Becoming a doctor is no easy feat. It takes a lot of hard work and years of schooling to even sit for the medical boards. As you know, one of the most difficult parts of medical school is all of the exams you have to take, including shelf exams if your program requires them.
While these exams can seem daunting, they don’t have to be. There are plenty of tools you can learn to make passing the National Board of Medical Examiners (NBME) tests and set a student on a path to becoming an incredible doctor.
What Are Shelf Exams?
Shelf exams are evaluations of what a student has learned during their clinical rotations. This is a period when the medical student rotates through various specialties, like OB/GYN and Internal Medicine, and learns under licensed doctors.

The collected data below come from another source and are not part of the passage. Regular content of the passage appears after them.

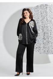 Брючный комплект, свободного покроя, выполнен из шелкового атласа с крэш-эффектом, однотонного и принтованного атласа. Состоит из блузы и брюк, блуза выполнена из однотонного атласа, горловина V-образной формы, на обтачке. На лифе обработан средний шов, с кантом и декоративные цветы из принтованного атласа, присборенные и настрочены ассиметрично на полочке. Рукав втачной, оптимальной длины, по низу с встречной складкой. Спинка выполнена из поднотонного атласа, по боковым швам выполнены разрезы. Брюки выполнены из шелкового атласа с крэш-эффектом, однотонного цвета. Верх брюк обработан притачным поясом с резинкой, застежка по переду на молнию и пуговицу. Брюки свободного покроя, с карманами в боковых швах. Эффектный комплект из легких тканей сделает ваш образ легким и запоминающимся! в 60р. Блуза: ширина груди 66см, ширина талии 66см резинка, ширина бедер 69см, длина рукава 48см, ширина рукава 23,5см Брюки: Ширина талии 50см резинка, Ширина бедер 66см. Длина блузы 72см, длина брюк по боковому шву 105см, длина брюк по внутреннему шву 75см.
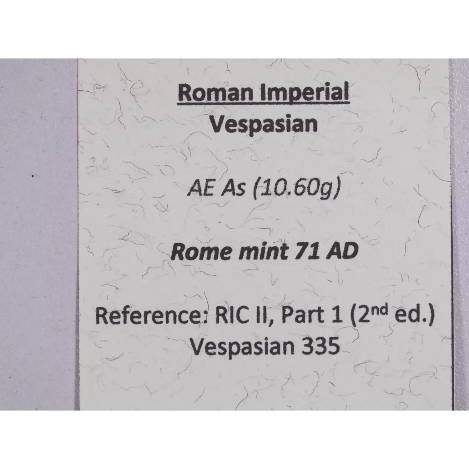 | Year | Vespasian AE As Rome 71 AD Naval Victory reverse |
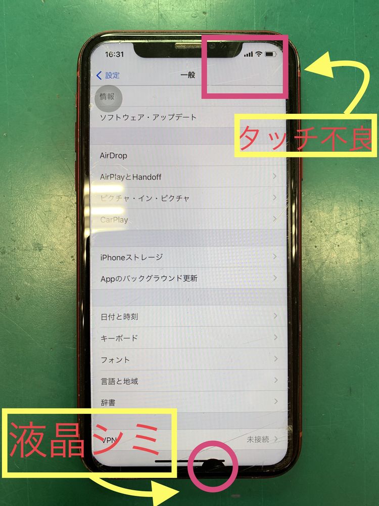 このiPhoneフォンは画面の右上の反応が効かないのと画面の下にシミが出てしまっていますね!!
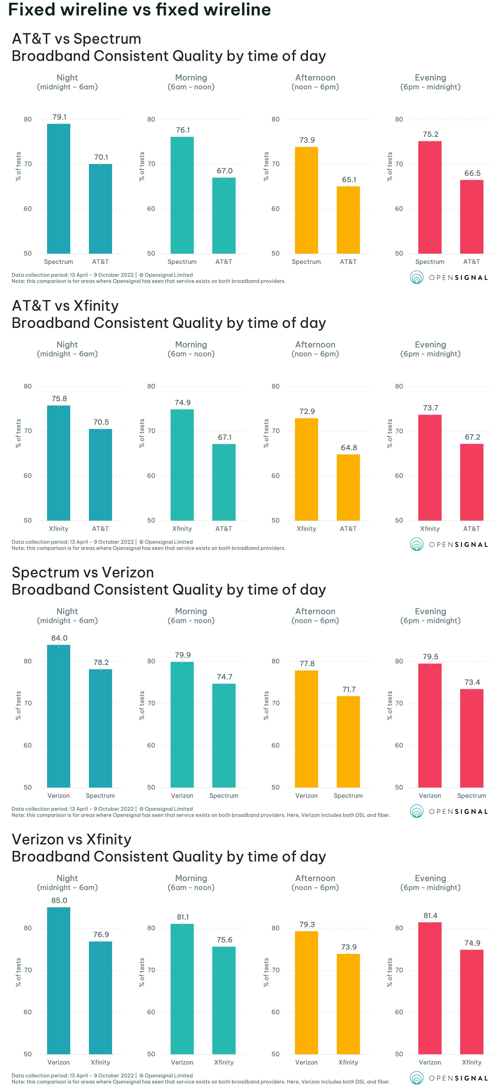 在固定有线服务提供商中,Verizon在网络繁忙的中午至下午6点之间的宽带一致质量得分最高,而Xfinity在繁忙时间(下午和晚上)和安静时间(晚上和早上)之间的差异最小。
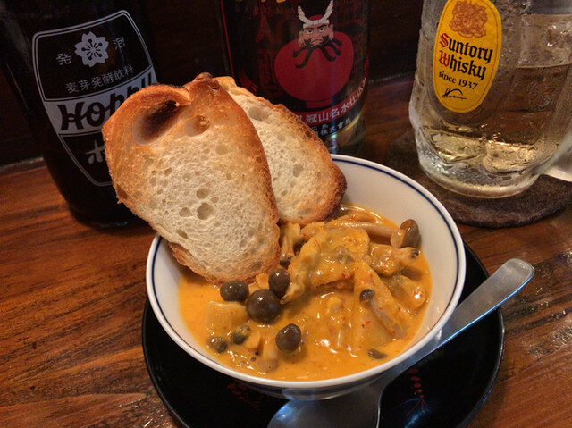 大阪の中津にあった角打ちの店の名物メニューだったそうです(早速ググった)
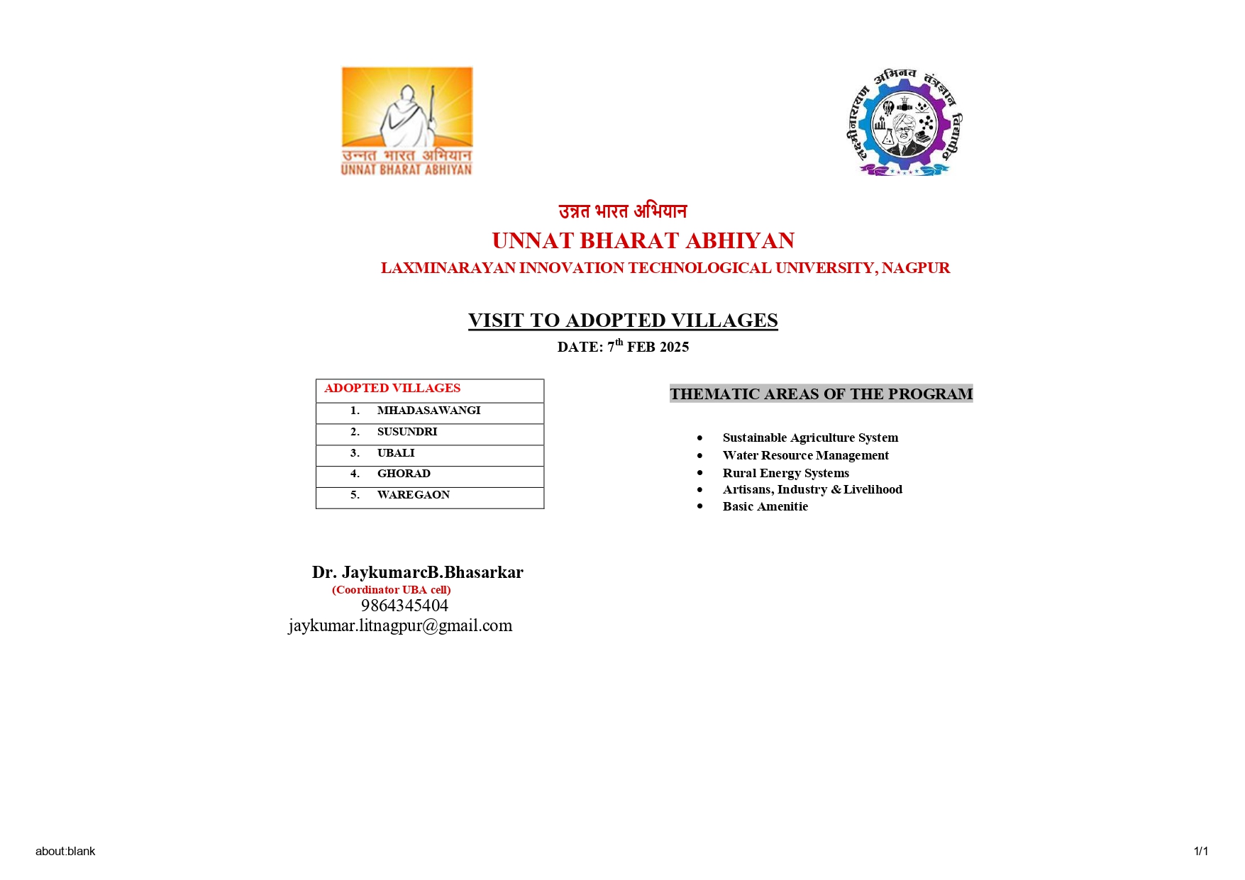 Laxminarayan Innvotion Technological University, Nagpur has adopted five villages from Nagpur vicinity. The coordinator of Unnat Bharat Abhiyan (UBA) LIT University (Dr. J.B. Bhasarkar), and Teacher c .....

At the same time, they are learning about various medical diagnoses and treatments.
Shelf exams generally take place during the third year of medical school. The exams are not actually required to get a license and aren’t mandatory in all programs, but they’re a popular way to test a student’s knowledge.
They can be incredibly stressful because of the amount of information covered in the questions. Some programs might use them to determine whether a student has passed or failed their clinicals. Their final grade might ultimately be something a residency program looks at to determine whether or not to accept the student.
The exams consist of 110 multiple-choice questions about hypothetical scenarios or cases. The student has to apply what they learned to figure out how to properly respond to the situation. Fortunately, there are tools available to help a person pass.
Taking NBME shelf practice exams is a very good way to prepare. Although nobody can know what exactly is on a particular exam, these tests are a good way for a student to see where they’re at or what they need to study.
Notes, Notes, Notes
There’s nothing more important than taking complete and thorough notes while participating in clinical rotations. That doesn’t just mean taking notes on the diagnosis and treatment. The key is to take notes that allow the student to actively learn the material. They want to be able to memorize, retain, and apply the knowledge they are learning.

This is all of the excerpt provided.